Funny as a pregnant lesbian.
-->Irony of the month dept: Barbara Jordan sends out a fund-raising letter. In it she brags about financially breaking the Klan with lawsuits. She tells about her support of a campaign to make other organizations pay when their members break the law-- even if these people don't act as part of the association. She's speaking about the activities of The Southern Poverty Law Center. The group's main focus is to financially ruin those they disagree agree with.
This center is also beginning a new organization. This one aimed at children. It's name? The Teaching Tolerance Project. Funny, huh?
--> Hey Jax (Jacquline Prichard), I tried to write you about your zine, but my letter was returned. What's your address?
--> Dept of Unpretentious Creativity: I got a copy of Rhode Islandah zine from Heidi Branton (3138 Olverhuslse Rd NW #126, Olympia WA 98502. If that address is wrong, try 8138). It's an all hand-done perzine that tells about Heidi's life, thoughts, her home state, her favorite local restaurants, her feelings about having the same first name as a famous Hollywood Madam, her adventures trying to sell the zine. It's all very low key, not shocking or confrontational. Almost like a personal letter to anyone who wants to read it. I love to see non-trendy stuff like this.
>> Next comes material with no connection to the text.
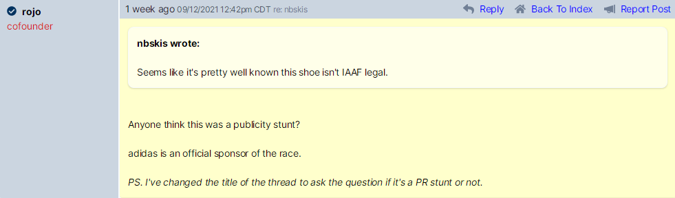 在当前的网络及媒体环境下,马拉松运动员穿的跑鞋鞋底厚度超过了允许限度1㎝,就可能被取消成绩,这是不可抗的。这一故事被世界各地的主流媒体争相报道,在奥地利媒体笔下,将之描述为“Schuh-Gate”——跑鞋门。 “跑鞋门”可能已经为维也纳城市马拉松赢得了连篇累牍的媒体报道,这并不是一项以距离而著称的赛事,可以肯定的是,这场比赛获得了预想之外的宣传。因为一个肉眼可见的技术问题而取消男子冠军的参赛资格可不是什么好事。 这桩事件是怎么发生的呢?根据新闻通稿,所有精英跑者在比赛前都必须填写一份表格,说明他们计划穿哪双跑鞋参赛。显然,胡里萨或是他的经纪人在表格上提交的是合规的公路跑鞋,但他在比赛日选择了Adizero Prime X,一双在训练中一直使用的跑鞋,他没有意识到这双鞋不在世界田径协会路跑用鞋名单之上。

I just wonder what she's doing in Olympia.
--> New definitions dept: The December 28 issue of The Advocate,
"America's National Gay & Lesbian Newsmagazine," has the following quote from author Terry Castle, "In my opening paragraph, I refer to Greta Garbo as a lesbian, despite the fact, as some readers will know, she occasionally had affairs with men as well as women... I think it more meaningful to refer to her as a lesbian."
There are girls who call themselves lesbians even though they fuck guys. That's called a "political lesbian." But what do you call it when you say someone else is a lesbian, even though she fucked guys. Sounds like name-calling and homo-baiting to me. When are these narrow monosexuals gonna realize that there are other ways of living than the stupid little boxes they call sexual identity?